Quote about Technology's Affect on Our Wonder

"It may be that as civilization advances, the sense of wonder declines. But it is ironic that just as technology frees us to be full human beings, not mere survivors of the earth's rigors, at this very moment we may be about to lose the whole planet because we have lost our sense of wonder. For finally only reverence can restrain violence, violence against nature, violence against one another."

--William Sloane Coffin in Credo

Okay, so I've been meaning to post this for a month because I really liked this quote. He's right--it's a crucial Catch-22. It's easy to be amazed at first at how easy things become to do with technology, but our sense of entitlement tends to grow with the easier things are to do. And when we feel entitled it's hard to be amazed by things. And when we're not amazed by things it's hard to treat them with respect. And when we're used to being not-amazed at some things it's easy to become not amazed by other things. I'm not one for the slippery slope, but this argument has more irony and reality to it than slipperyness. Some genuine food for thought. (Hm, funny how sometimes it takes me a month to decide that's really all that needs to be said.)

2 comments:

Anonymous said...

Apparently, it's pretty nourishing food for thought, because I spent most of the day thinking about this. I wanted very much to refute it somehow.

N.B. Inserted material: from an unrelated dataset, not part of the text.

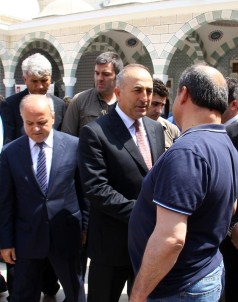 Cami avlusunda vatandaşlarla sohbet edip fotoğraf çektiren Bakan Çavuşoğlu, caminin karşısındaki bir kahvehanede, İçel Valisi Özdemir Çakacak, AK Parti İl Başkanı İsmail Taşpınar ve protokol üyeleriyle çay içip, vatandaşlarla sohbet etti.

I work at a company that engineers both hardware and software. The people I work with are probably among the most steeped in the hallowed halls of technology in the world. Yet we have a company hiking blog. We compare our experiences in traveling the world and share in the simple pleasure of the outdoor life. Of the desktops I've noted today while walking about, well over half were outdoor scenes, caught on camera by the person whose desk they were from. In this technological temple, the principal icon of worship remains the natural world.

But perhaps the danger doesn't lie with the curators of technology. In this group lies an understanding of how difficult it is to make things easy. Our job is to understand and to a certain expent exploit the relationships between things, but with that understanding of patters comes an understanding of our fundamental conection to and dependance on nature.

The danger lies with the consumers of technology. It is with those who choose to revere it as being somehow superior to nature rather than ultimately subserviant to it. And this group far outnumbers the small cadre of thinkers and builders, but ultimately it is the thinkers and builders who supply the tools for use by the masses. That is, I think, the narrow escape from this Catch-22, and it is one that I believe many are conciously or unconciously committed to following.

CJF

Deborah Leiter Nyabuti said...

Thanks for the very interesting thoughts, CJF. I think you're right that the danger doesn't lie quite as much with the curators of technology--though I've certainly seen it there too, including in myself: "Now if we just plan out the facets of that browsing system just right, we'll manage to hone down the complex patterns of how people do things into a nice little box and then we won't have to mess with as many pesky customer service complaints." Hm, very respectful to the complexity of human nature to try to cram it into (dare I say) a matrix.

So yeah, there were reasons I wanted to step back and study from a broader view what technology was doing to us as a society before I decided whether I wanted to step back into the ring full-time... It's a big responsibility--shaping technology and trying to be fully cognizant of what you're doing at the same time.